# Catahoula vs Black Mouth Cur



## TriWinkle

This place has been dead...So, in the spirit of good conversation and learning something new...Which would you choose to watch-over/guard your place and why?


----------



## cur huntin' kid

Either one would do a good job, they are both loyal and very protective of their family. The biggest thing would be finding a breeder close to you. If you live down south that would be no problem but if you live anywhere else they are not as common.


----------



## Rock

I've seen more cat, but I'm from PA. Dont see much BMC. However everyone that I run across in my dog travels that has either one swares by them. Amanda who has camped/hiked all over Mich UP has done so with a cat


----------



## JPiantedosi

Ive had mtn and leapord curs that were all great dogs. Im thinking in the near future there will be a cat in my truck to help me move cattle and sheep.

Jim


----------



## Tango

A bmc was responsible for the first killing of one of my goats. They are good cattle dogs as are Catahoulas.
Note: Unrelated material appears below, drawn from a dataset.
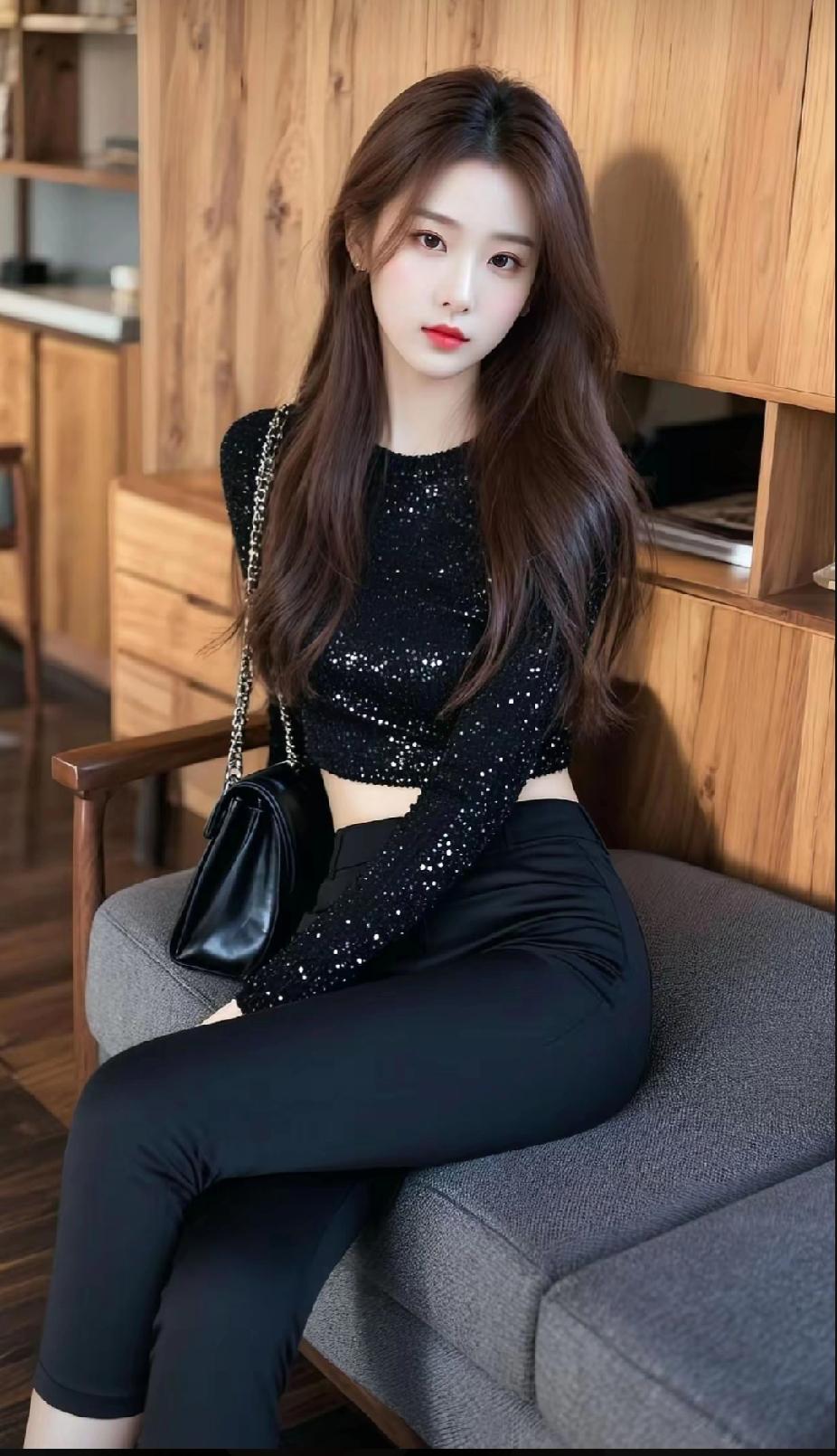 黑色闪亮上衣搭配紧身裤,简约又时尚,完美展现身材曲线!性感紧身裤穿搭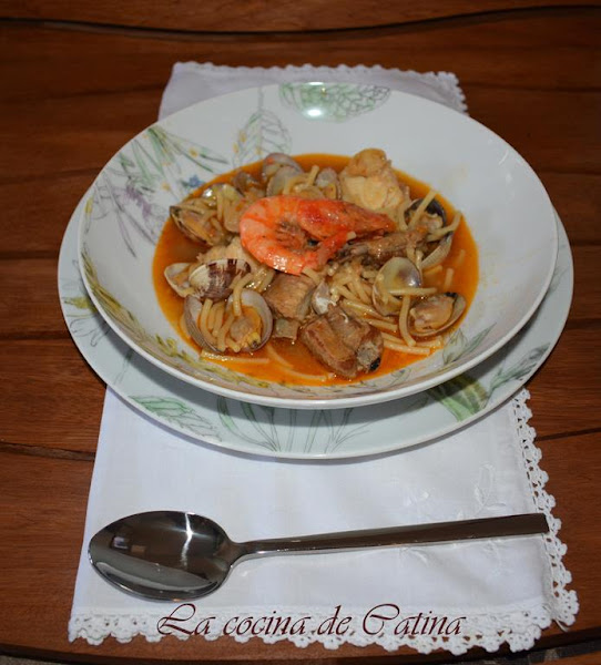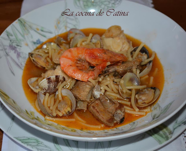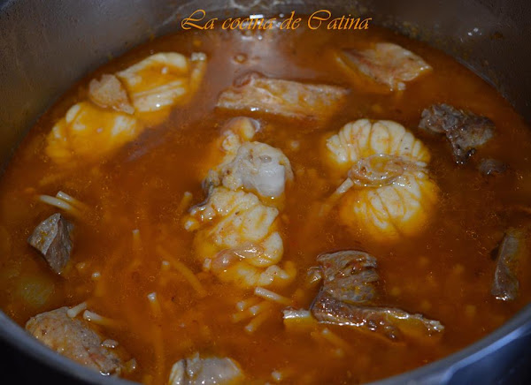 Es el momento de incorporar el vino, el caldo de pescado y las costillejas reservadas, rectificamos de sal y dejamos cocer durante 15 minutos a fuego medio. Incorporamos el pescado y los fideos, tapamos el recipiente y cocemos durante 7 minutos.

Since I've only had one bmc, I can't say she was average or she was not but she came out of solid cattle working lines. Very smart like my houligans. Very agile and quick. 
I've had three full bred Catahoulas, all from bay dog lines. They can run all day and make split second decisions. Seem to have a natural instinct for rounding up cattle so no training is necessary for that but this sort of independent thinking makes them out-of-the -box dogs as far as other types of training. My houligans have all been a little stranger shy. They didn't make good watch dogs for the two-legged problem variety but they make excellent predator dogs.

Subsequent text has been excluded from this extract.